Modern industrial and manufacturing environments generate vast amounts of data. Sensors, machines, control systems, MES platforms, ERP solutions, and cloud applications continuously produce data in a wide range of formats and protocols. Simply collecting this data is not enough. The real value lies in connecting, orchestrating, and making it usable. Only then can organizations truly manage and optimize their production in a data-driven way.

Integration ensures that data is accessible and technically connected across systems.

Orchestration ensures that this data is automatically processed, intelligently managed, and delivered in the right context, exactly when and where it is needed.

What does Integration & Orchestration mean in an industrial context?

Integration goes beyond simply creating data interfaces. It enables the seamless connection of heterogeneous systems across the entire industrial landscape:

  • Machines, sensors, and PLCs
  • SCADA, MES, and historians
  • ERP systems, BI tools, and AI/ML platforms

This creates a robust technical foundation where all relevant data can flow freely—eliminating data silos and disconnected systems.

Orchestration takes this a step further. It refers to the controlled and automated flow of data across systems, including rules, workflows, timing, and dependencies:

  • Automated processing of data events
  • Data transformation and enrichment
  • Delivery of data for analytics, dashboards, or control logic
  • Monitoring, error handling, and governance

In practice, this means data is not just collected, but delivered in the right format, at the right time, and in the right context. This becomes a key enabler for data-driven decision-making and automated industrial processes.

In traditional industrial environments, a mix of control and IT systems often operate in isolation. This leads to data silos that are difficult, if not impossible, to integrate into end-to-end processes.

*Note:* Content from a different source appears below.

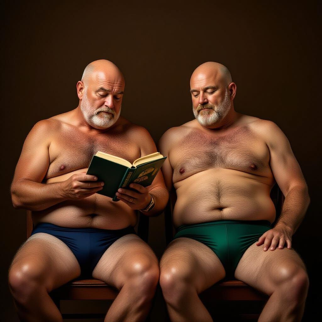 This image shows two older, bald men in speedos. One man reads a book as the other dozes off in a heartwarming, intimate moment against a dark brown background, captured with warm tones.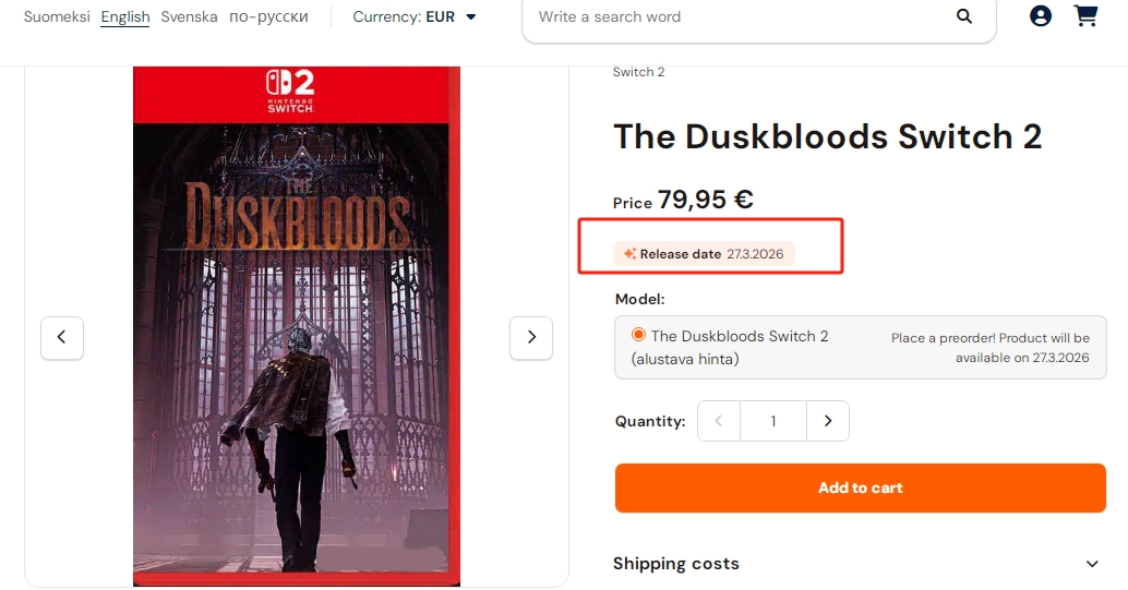 据外媒爆料,FS社Switch新作《黄昏血族》发售日疑似泄露,在澳洲的eshop中有了游戏页面,接着一个芬兰商店曝光了《黄昏血族》Switch 2游戏发售日为2026年3月27日,售价79.95欧元(约合651元人民币)。

Without reliable integration and intelligent orchestration, data handling remains fragmented, error-prone, and reactive—the exact opposite of a data-driven production approach.

Integration acts as the technical bridge. Orchestration defines the rules for data flows determining when, how, and where data is transported, transformed, and enriched. Orchestrated schedules or event-based triggers, automated transformation logic, and dependencies between data streams ensure that raw data is turned into meaningful information. And that delivered in real time to decision-makers, AI models, automation scripts, or dashboards.

The result: production processes become more transparent, faster, and more resilient. Downtime is reduced, optimization potential increases, and decisions are based on data rather than intuition—a critical advantage in the era of Industry 4.0.

Data-driven production describes an approach where decisions and optimizations are based on real-time data. Instead of relying on static reports, intuition, or delayed analysis, production is managed in a dynamic, transparent, and process-oriented way through:

  • Real-time visibility of all relevant data
  • Automated analytics and AI-driven predictions
  • Intelligent control instead of manual intervention
  • Powerful workflows across OT and IT systems

In this context, data integration is no longer just a technical task. It becomes the operational foundation for efficiency, flexibility, and competitive advantage.

Tangible benefits for your business

Data silos and redundant systems


Manual data preparation


Delayed decision-making


High maintenance effort


Heterogeneous system landscapes

Centralized connectivity across all data sources


Automated workflows and data transformation


Real-time data delivery for analytics


Standardized, reusable data pipelines


Consistent processes across systems

Industrial DataOps is an organizational and technical framework that automates data pipelines, ensures data quality, defines responsibilities, and treats data as a product. It provides an overarching approach that structures and governs how data is managed across the organization.

Within this framework, Integration & Orchestration act as the operational layer. They enable the practical implementation of DataOps principles by automating workflows, ensuring consistency, and enabling seamless collaboration across systems and teams.

A Unified Namespace (UNS) creates a centralized and consistent data structure where all relevant production and business data is available in real time, as a single source of truth. While the UNS provides the architectural foundation, Integration & Orchestration enable the dynamic flow of data. They ensure that data is continuously integrated, processed, and delivered to support processes, analytics, and automation.

Together, UNS, Integration & Orchestration, and Industrial DataOps form a modern data architecture paradigm enabling connected, scalable, and truly data-driven production.